Whoever first coined the phrase, “It’s nothing big, it’s everything small,” was ahead of the times.
I think about that every time I pause over AI, A1 and Al.
Depending on whether you read that sentence in serif type (letters with slabs on the end of strokes) or sans serif type (no slabs), you may or may not have read it correctly.
The first one is the abbreviation for artificial intelligence, the second one is a steak sauce and the last one is the first name of men with last names of Sharpton, Pacino and Unser Jr.
If you missed all of those, you’re batting 0.
Or are you batting O?
Wait. Are we talking scores or blood type?
Which reminds me: “What did 0 say to 8?”
“That’s a nice belt you have.”
Every time I ask Google a question, the answer that appears is routinely authored by AI. Apparently, some guy named Al now has all the answers.
If I forget a password and have to check my secret hiding place where I wrote them in my sloppy, illegible longhand, I make multiple attempts guessing if the straight lines are letter ls, number 1s or capital Is, and if the circles are letters or numbers. After multiple failed attempts I am blocked from my account.
I accept this as punishment for poor penmanship.
We recently had to get a new license plate for our car. I was hoping we might get a plate with a 0 and an O in it, to keep things interesting.
We did not.
Now I regret not springing for a vanity plate: 00OO0O.

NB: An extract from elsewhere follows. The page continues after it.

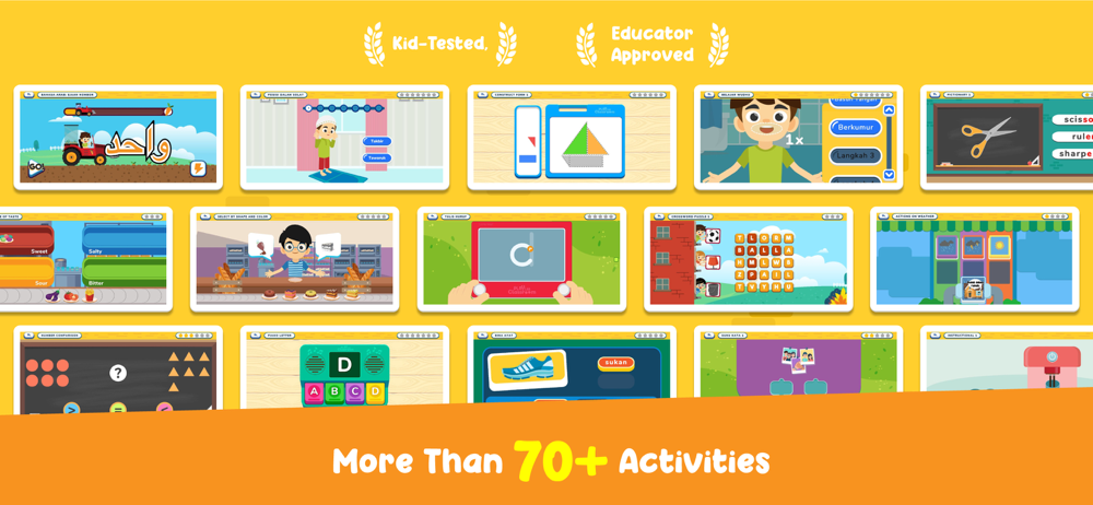 There are 5 subjects in this app which is Bahasa Melayu, English, Mathematics, Science and Islamic Education and each subjects got 3 levels starting from the easiest to the hardest according to the child capability and performance.
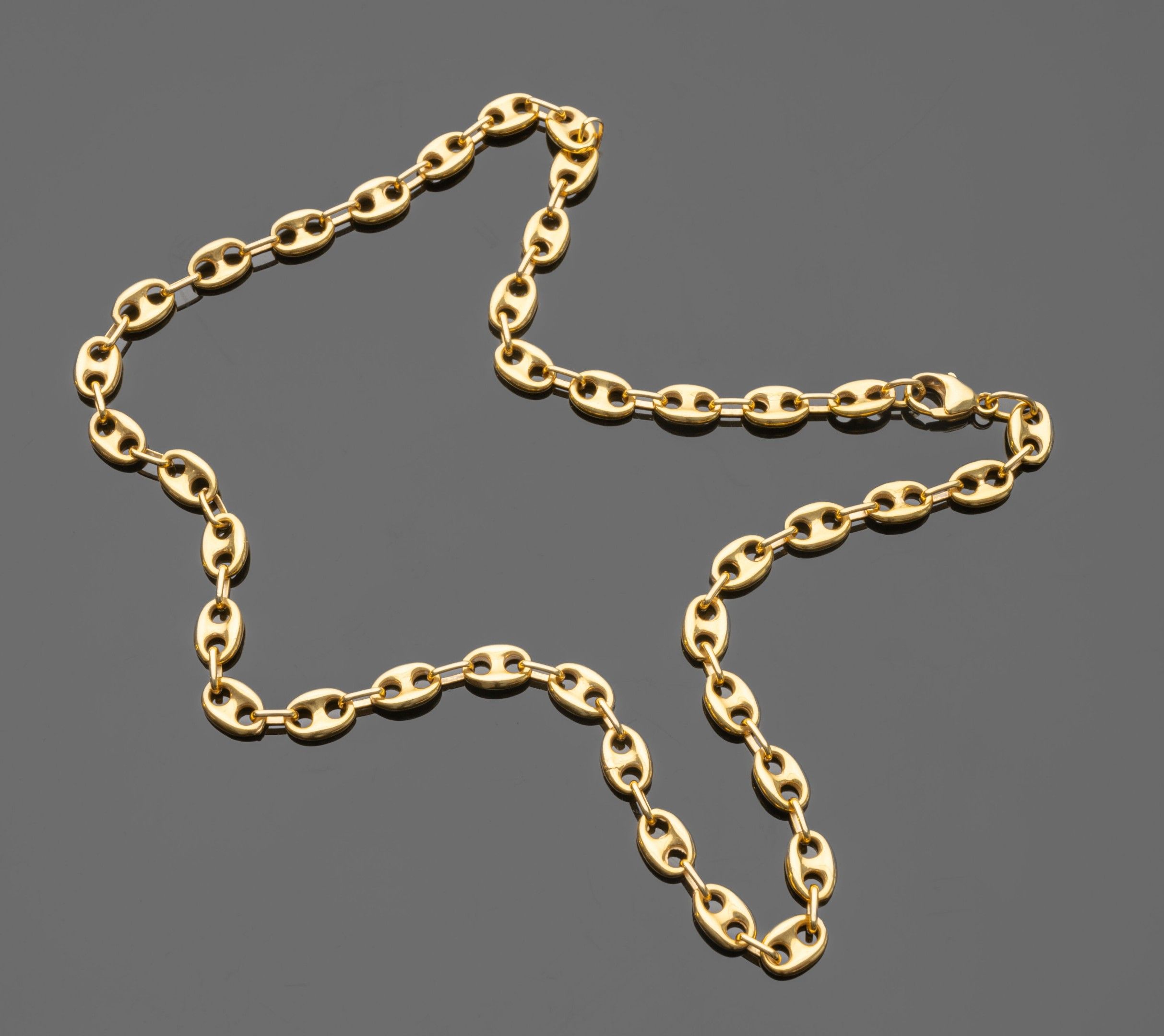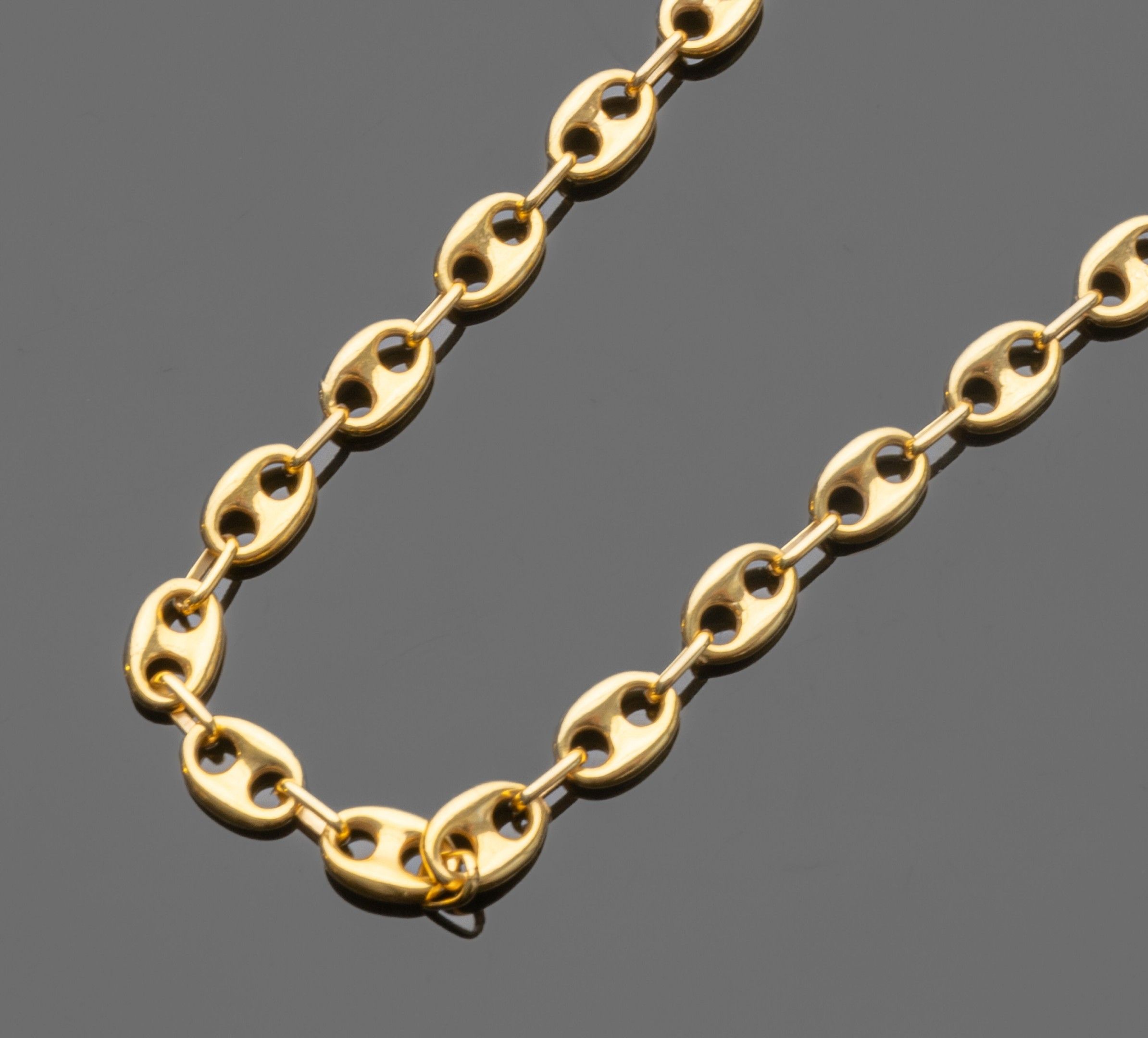 18K (750°/°°) yellow gold chain with "coffee bean" links alternating with cartouche links

It’s probably already taken. By someone named Al.
Arizona does not use the letters I, O, Q and U due to potential confusion. Michigan does not use the letter O for the same reason. Florida does not make license plates with the letter O but uses the number 0.
Massachusetts is still in the game swinging, using both letters and numbers. They make the letter O oval and the number zero as a rectangle with rounded corners.
Or is it the other way around?
Living in a state where I and Al and everybody else have vehicles with license plates with capital Os and zeroes, I sometimes wonder about emergencies.
“Hello, 9-1-1? I’d like to report road rage. The license number was —- . Oh, never mind. It was a black car.”